As the calls made are on bridge , a hold signal involves a RE-INIVITE with held-SDP to media manager (MM). If hold status on trunk is 200 OK the hold status will be sent to other call interfaces connected on the trunk. Else if hold is denied ,403 is sent back to hold-initiates.

Music on hold is an one way RTP mostly from media server.

For a bridged scenarios , separate Music on hold bridges are kept on Media Managers.
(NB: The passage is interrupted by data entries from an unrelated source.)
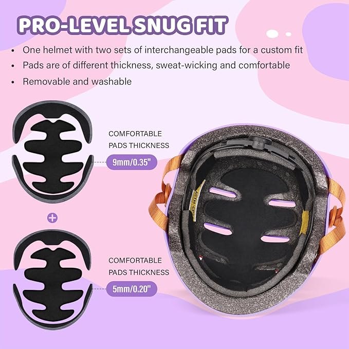 - 【PERFECT FIT & ADJUSTMENT】 Two sets of removable, moisture-wicking pads in two different thicknesses. Use them individually or combine them to customize a cozy fit. The back of the helmet equips with built-in dial fit system, making the helmet fit your head exactly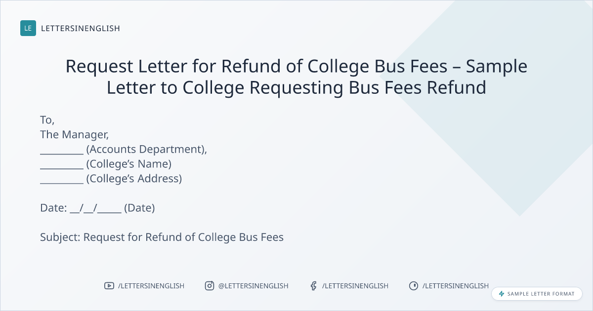 Sample Letter for Refund of College Bus Fees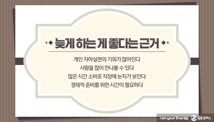 직장인들이 취업을 하면서 생각했던 결혼의 ‘적령기’도 있었을 것입니다. 그 때에 맞춰서 결혼을 한 이도 있고, 아직 못한 이, 그리고 안 한 이들도 있습니다. 결혼을 한 직장인들 중에는 일에 도움이 되는 이들도, 그렇지 않은 이들도 있겠죠? 그 중 결혼에 가장 관심이 많을법한 직급들을 불러 모아 결혼에 관해 이야기 나누어 보았습니다. 결혼 적령기에 있는 GS칼텍스 대리 4인방이 나눈 이야기가 궁금합니다.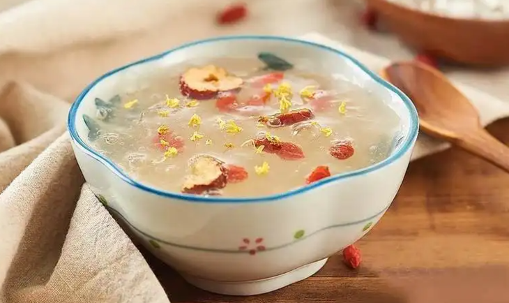 取适量的银耳,再加上枸杞、莲子等和葛根粉一起放入锅中熬煮,美味又有营养的银耳葛粉粥好看又好喝~
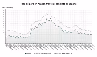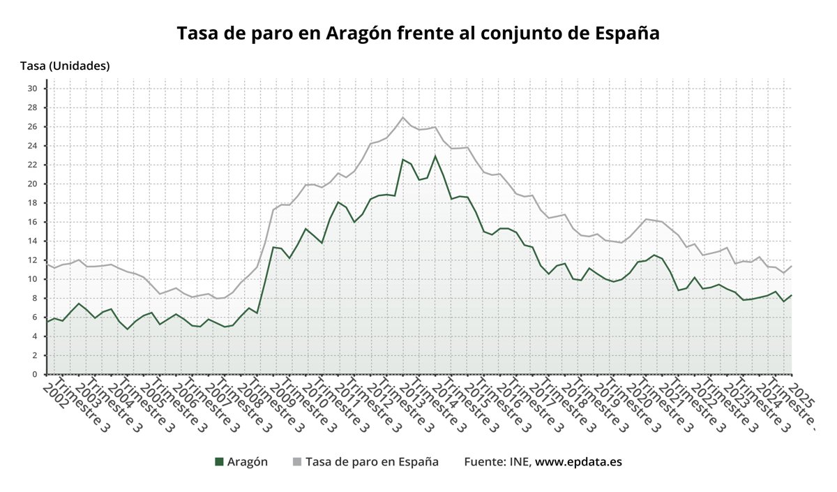 Esta cifra de parados es la más alta en un primer trimestre desde 2023. Desde el inicio de la serie del INE, el paro ha subido en el primer trimestre la mayoría de veces en Aragón (17 veces) mientras que ha bajado en 6 ocasiones, siendo el repunte del último trimestre la menor subida desde 2020.

When an UA has to hold , it is removed from original bridge and place on music on hold bridge . To be unhold/ resume it is placed back into the orignal bridge from music on hold bridge .


user initiates conference, the conference feature can execute on the zone where the user was logged on, irrespective of zones where the other conference attendees join from . The Call processing framework of originators zone completes the SDP exchange to establish two-way speech path among all the parties.
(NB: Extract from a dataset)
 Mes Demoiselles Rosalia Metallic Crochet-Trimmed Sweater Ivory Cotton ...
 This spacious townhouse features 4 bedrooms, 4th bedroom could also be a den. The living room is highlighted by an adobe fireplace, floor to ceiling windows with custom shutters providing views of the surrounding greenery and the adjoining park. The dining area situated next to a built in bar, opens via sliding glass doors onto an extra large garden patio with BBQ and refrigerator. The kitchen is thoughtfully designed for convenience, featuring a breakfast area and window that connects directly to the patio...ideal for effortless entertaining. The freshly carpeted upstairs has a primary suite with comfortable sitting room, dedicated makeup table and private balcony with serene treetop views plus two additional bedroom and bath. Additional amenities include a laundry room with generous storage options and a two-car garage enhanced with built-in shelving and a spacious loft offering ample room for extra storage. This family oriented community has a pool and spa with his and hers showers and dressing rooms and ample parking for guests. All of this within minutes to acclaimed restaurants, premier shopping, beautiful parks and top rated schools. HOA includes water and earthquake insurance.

Incases there are multiple connections from a zone , a local MM conference bridge can be created for them which would connect back to originators MM conf bridge . this two part conf bridge will be transparent to the sip line sand users .
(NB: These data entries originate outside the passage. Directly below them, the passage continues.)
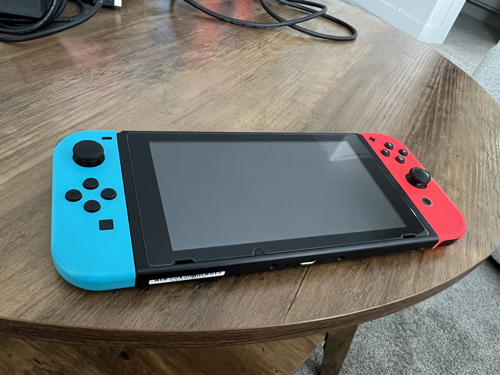VenmoThis Switch is in perfect condition, no dents, stratches, etc. It has a glass screen protector installed, as well as comes with an extra 256 GB SD card inserted in the device for extra storage. Also comes with a nice hard-case for the switch, that holds lots of game cartridges. Comes with Joy cons, which are in great shape, Joy con straps, docking station, power chord, and HDMI chord. This is everything you need to jump right in, and more!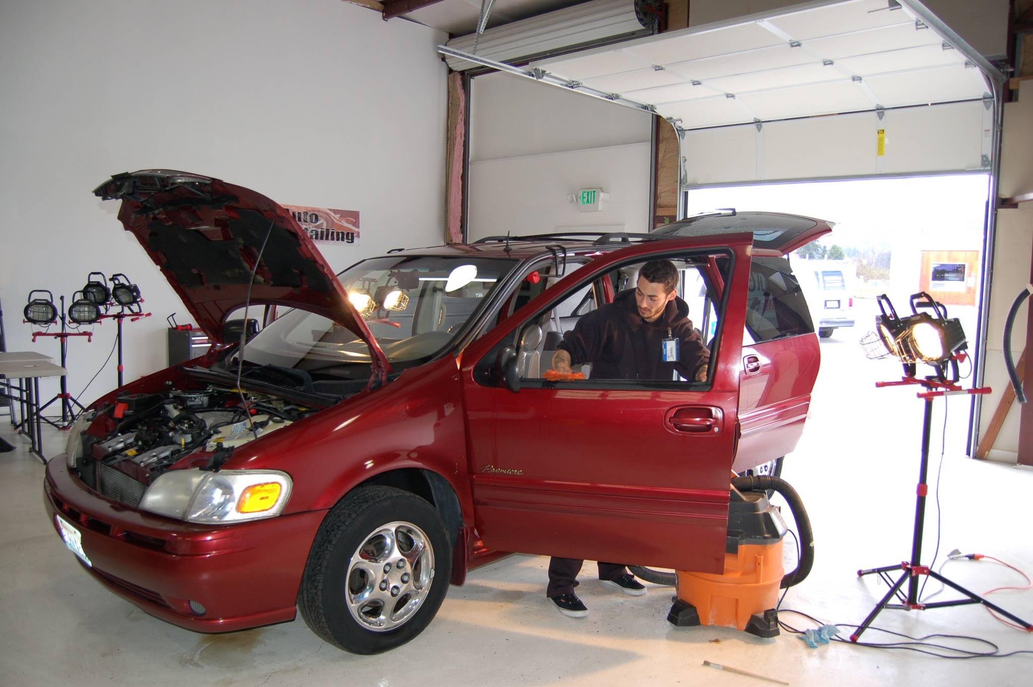 Detailers Jesse Bailey and Chris Babcock volunteered their time last week to wash and condition the inside of the van, clean its instruments and wax and touch up the paint on the outside.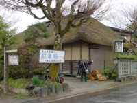 | 名物・板そばを食べました。少し太めで歯ごたえ十分です。このソバを食べに、東北へ来たようなものです。感激!茅葺屋根がまたウレシイ♪ |
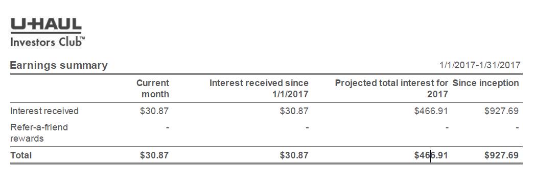 Uhaul Investors Club Notes Jan 2017. U-Notes are long term investments in AMERCO (UHaul) asset backed corporate notes. Monthly Interest P/L $30.87.

For provisioning inputs and settings setup a Diagnostics , Administration and Configuration platform which can process APIs for data services , licences , alarms or do remote device control such as using SNMP

Session Border Controllers (SBC)

At network level SBC operations include

  • bridging multiple interfaces in different networks even between the IPv4 and IPv6 networks
  • auto NAT discovery and STUN
  • protocol conversion such as TLS to UDP etc
  • Flood detection and IP filtering

For SIP specific functionalities , SBC does

  • SIP validation involving checks on syntax and message contents also consistency checks are performed.
  • stateful and call aware. tracing, monitoring and checking for validitya and health of all the SIP messages
  • Topology hiding
  • Traffic filtering
  • Codec filtering , reordering , media pinning, transcoding, or call recording
  • Data replication brings High Availability (HA) with hot backups or even Active-Active solutions.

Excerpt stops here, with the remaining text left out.